The project is written in Java. There are two (that I know of) projects for Java to support OpenCL in Java. I have looked into it. It is a higher bar to jump over. I might try it with a small project first. It's a matter of time and energy to do it. I'm interested in trying it.
I have to write a C kernel, and there are examples, and have that code available as a "string". (Eg, baked into the code, retrieved from a configuration file, database, etc.) I have to think about the problem very differently to organize it for OpenCL. It is a very different programming model than conventional CPUs. Basically OpenCL is parallelism at a far finer grained approach than the "work units" I described. The work done my my "work units", and thus the code, could be arbitrarily complex. As long as work units are all independent of one another. The very same code to do the work, works on a single cpu core, or multiple cores, if you have them. With OpenCL, I need to have two sets of code to maintain. The OpenCL version, and at least a single-core version for when OpenCL is not available on a given runtime. (Remember, my Java program, the binary, runs on any machine, even ones not invented yet.)
Thus, there is a philosophical issue. What I would rather see is More Cores Please. Conventional cores. Conventional architecture programming. It seems that if you had several hundred cores that were more general purpose rather than specialized for graphics, this would STILL benefits graphics. But in a much more general way.
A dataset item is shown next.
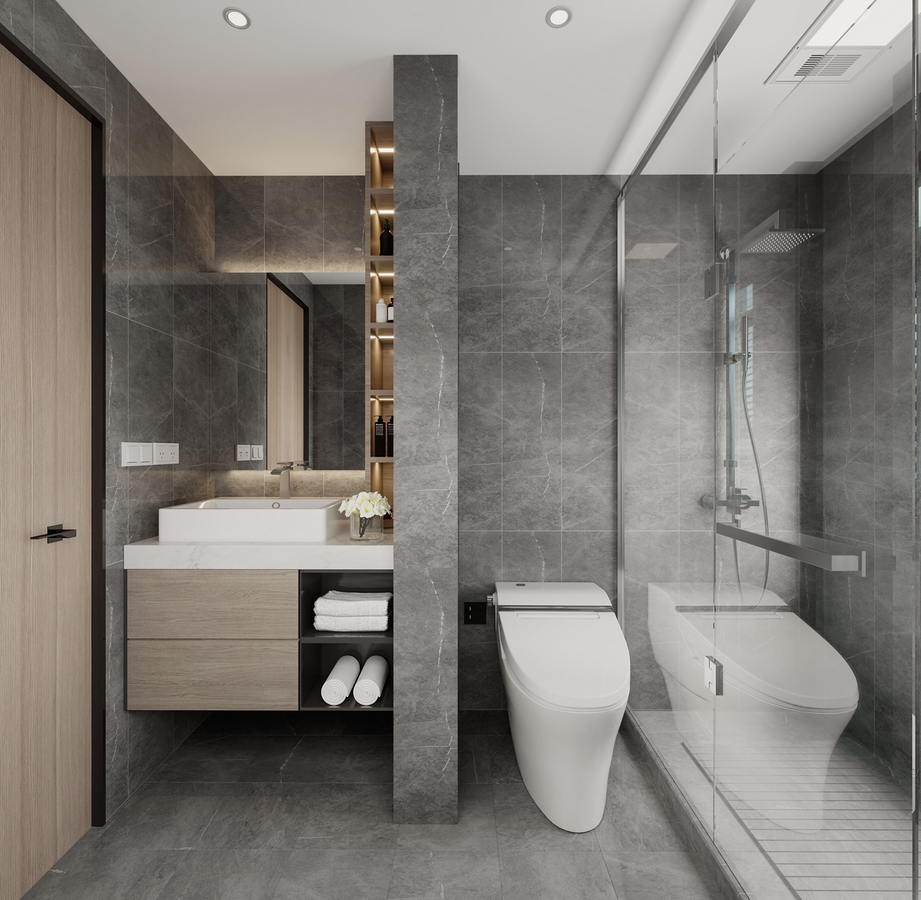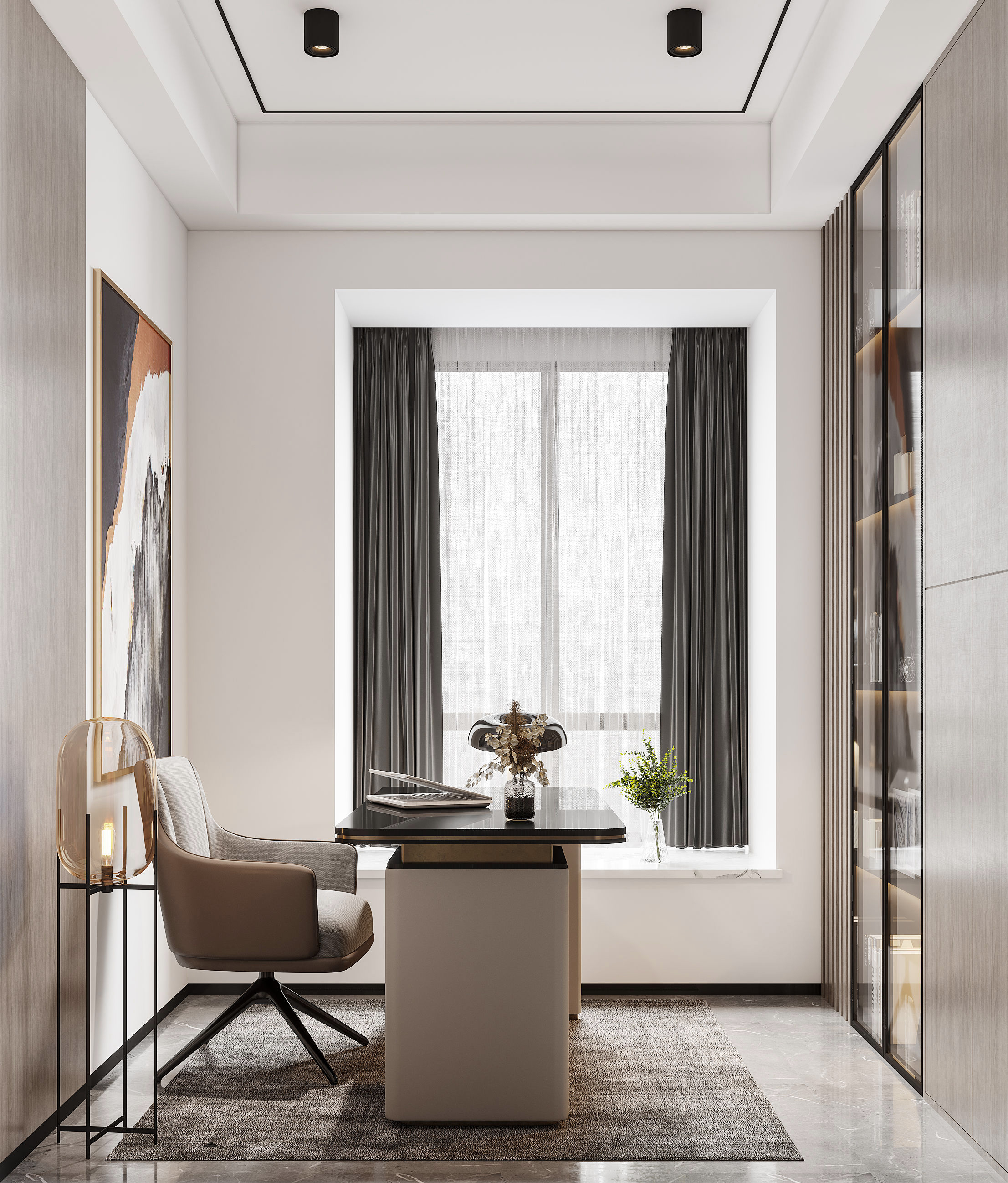 書(shū)房開(kāi)敞通透的格局與過(guò)道連接,“方寸之間成天地,一籍文字知乾坤”,長(zhǎng)虹玻璃隔斷劃分出兩個(gè)空間不同的功能需求,不失整體。

Let me give an example of a problem that would require serious thinking for OpenCL. A Mandelbrot set explorer. My current Mandelbrot set explorer (in Java) uses arbitrary precision. Thus it does not "peter out" once you dive deep enough to exhaust the precision of a double (eg, 64 bit float). By allowing arbitrary precision math, you can dive deeper and deeper. A Mandelbrot explorer is another embarrassingly parallel problem. "Work units" could even be distributed out to other computers on a network. You just need to launch a JAR file on each node. (And those nodes don't even have to be the same CPU architecture or OS.) In a single kernel in OpenCL, I would need to be able to iterate X number of times on a pixel, using arbitrary precision math, within the bounds of how kernels work. Multiple parameters, each parameter being a buffer (an array) where different concurrent kernels operate on different elements in the parameter buffers.
It seems that with all the silicon we have now, maybe it's time to start building larger numbers of general purpose cores. This would much more rapidly produce benefits in far more every day applications than Open CL. IMO.
If you don't like grocery prices now, wait until Trump deports the 'lazy' people who pick it, process it and package it.